─── RECORDS SHOWN

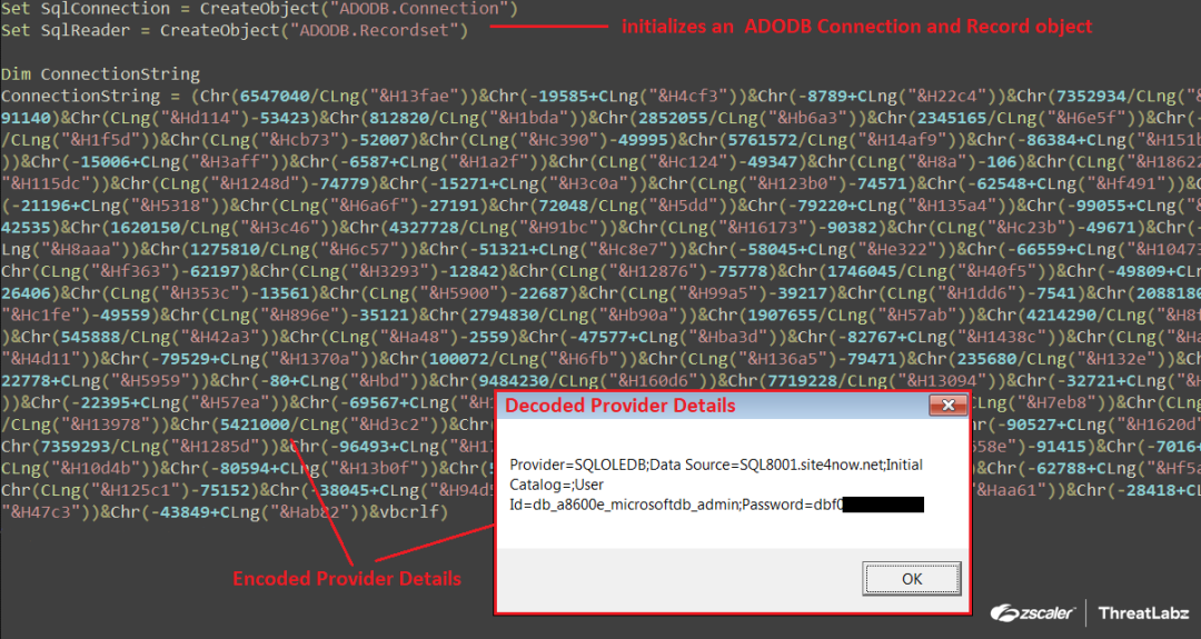 When the Stage-1 VBScript is executed, it establishes a connection to a database by creating an ADODB connection and record object. The details of the provider, including the data source, user ID, and password, are decrypted using an encoding method that utilizes the Chr and CLng functions, as illustrated in the screenshot below.
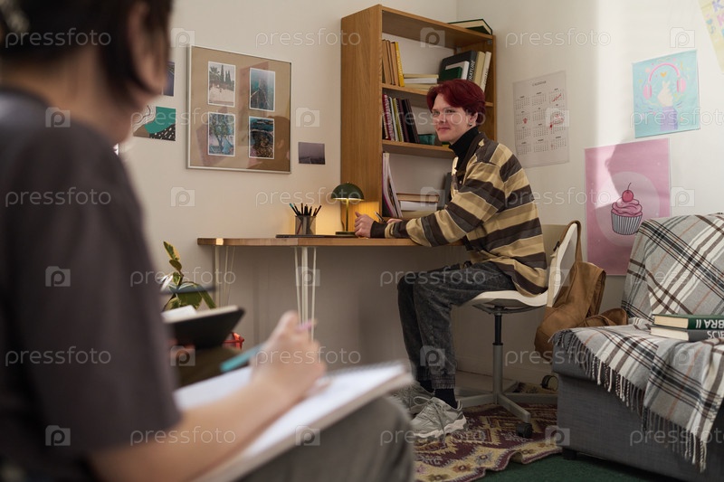 Улыбающийся мальчик-подросток выполняет домашнее задание Изучается за столом
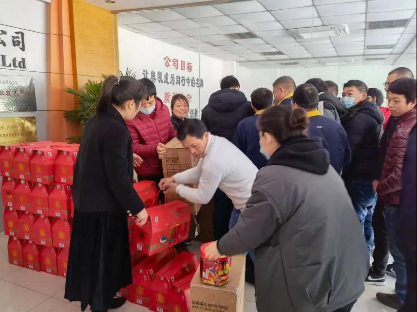 随着一份份福利品传递到员工手中,这些心意同时也承载了奥凯总经理及各位领导向每位员工的真挚问候与春节祝福。
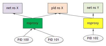 相同namespaces(所有的namespace都相同)中的所有进程共享同一个nsproxy,nsproxy包含所有具体的namespace的指针:
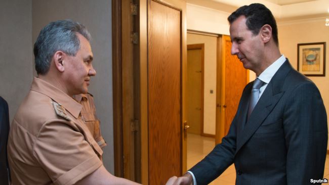 Suriya, Bashar al-Assad (sağ) Rusiyanın müdafiə naziri Sergei Shoigu Dəməşq, 18 iyun 2016[/caption]
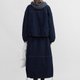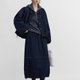 外套選用前短後長的小 A 字廓形,寬松容量更包容身形,克制的前後長短差,既拉長腿部比例又不易過短而不實穿。
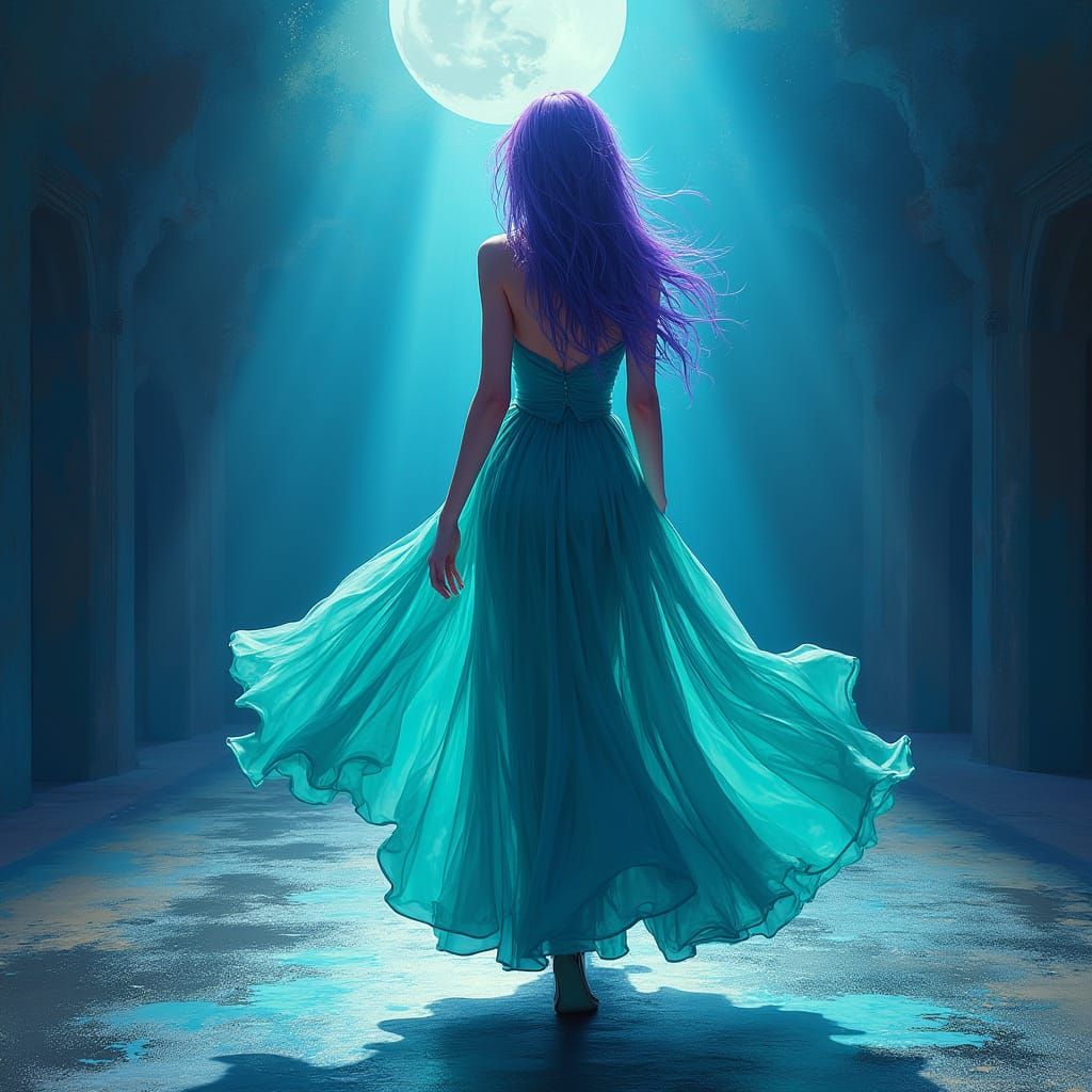 This image captures a stunning woman in a flowing blue-green dress, confidently walking down a catwalk under the soft glow of moonlight. Her porcelain skin and icy blue eyes are perfectly complemented by her vibrant attire, which is adorned with bold, colorful graffiti art details.

──────

- _TRY IT_: Please retype exactly the lines from the one containing "Улыбающийся мальчик-подросток выполняет" to the last line of the records above, both included, without any pictures.

- _RESPONSE TO THIS TASK_:
 Улыбающийся мальчик-подросток выполняет домашнее задание Изучается за столом
 随着一份份福利品传递到员工手中,这些心意同时也承载了奥凯总经理及各位领导向每位员工的真挚问候与春节祝福。
 相同namespaces(所有的namespace都相同)中的所有进程共享同一个nsproxy,nsproxy包含所有具体的namespace的指针:
 Suriya, Bashar al-Assad (sağ) Rusiyanın müdafiə naziri Sergei Shoigu Dəməşq, 18 iyun 2016[/caption]
 外套選用前短後長的小 A 字廓形,寬松容量更包容身形,克制的前後長短差,既拉長腿部比例又不易過短而不實穿。
 This image captures a stunning woman in a flowing blue-green dress, confidently walking down a catwalk under the soft glow of moonlight. Her porcelain skin and icy blue eyes are perfectly complemented by her vibrant attire, which is adorned with bold, colorful graffiti art details.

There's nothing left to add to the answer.